# my air rifel pics and some hunting pics



## dgaf (Jun 10, 2011)

jackrabbit






rabbit






gun beeman rs2 22cal scope light and laser made by center point .












2 more rabbit pics .


----------



## josephlys (May 4, 2010)

Nice gun, what's it puttin out. Fpe?


----------



## pop shot (Sep 29, 2011)

Mods, can we relocate this to other weapons? nice gun, i like air rifles too


----------



## RatRacer (Feb 17, 2011)

Nice shooting. I had one of those, but returned it. The .177 barrel was bent and I liked using both caliber's. Got a nitro piston gun to replace it, and now have 2 pcp's also.


----------



## Deltaboy1984 (Jun 14, 2011)

Good Shooting and a nice looking rabbit.
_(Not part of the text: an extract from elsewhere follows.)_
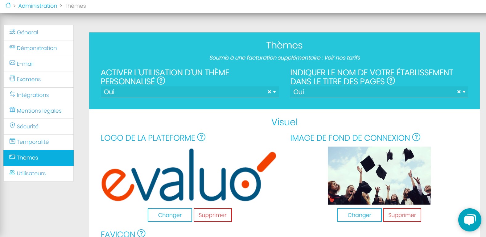 Personnalisez le thème de votre plateforme Evaluo (soumis à une facturation supplémentaire, voir nos tarifs).

They are good eating.


----------



## Hrawk (Oct 25, 2010)

pop shot said:


> Mods, can we relocate this to other weapons? nice gun, i like air rifles too


Due to the content of the pictures, this one needs to stay in hunting.


----------



## dgaf (Jun 10, 2011)

i can remove it if any one wants me 2.


----------



## NightKnight (Dec 16, 2009)

dgaf said:


> i can remove it if any one wants me 2.


Nope, thanks for posting it!


----------



## dgaf (Jun 10, 2011)

NightKnight said:


> i can remove it if any one wants me 2.


Nope, thanks for posting it!
[/quote]thank you 2


----------



## Mr. IO Slinger (Jul 20, 2012)

also have to pcps and a nitro piston from Benjamin.


----------



## Berkshire bred (Mar 4, 2012)

nice gun i myself have a crosman 1377 pistol and a smk xs38 air rifle that puts out about 12 foot pounds.(620 fps with an average weight .22 pellet).


----------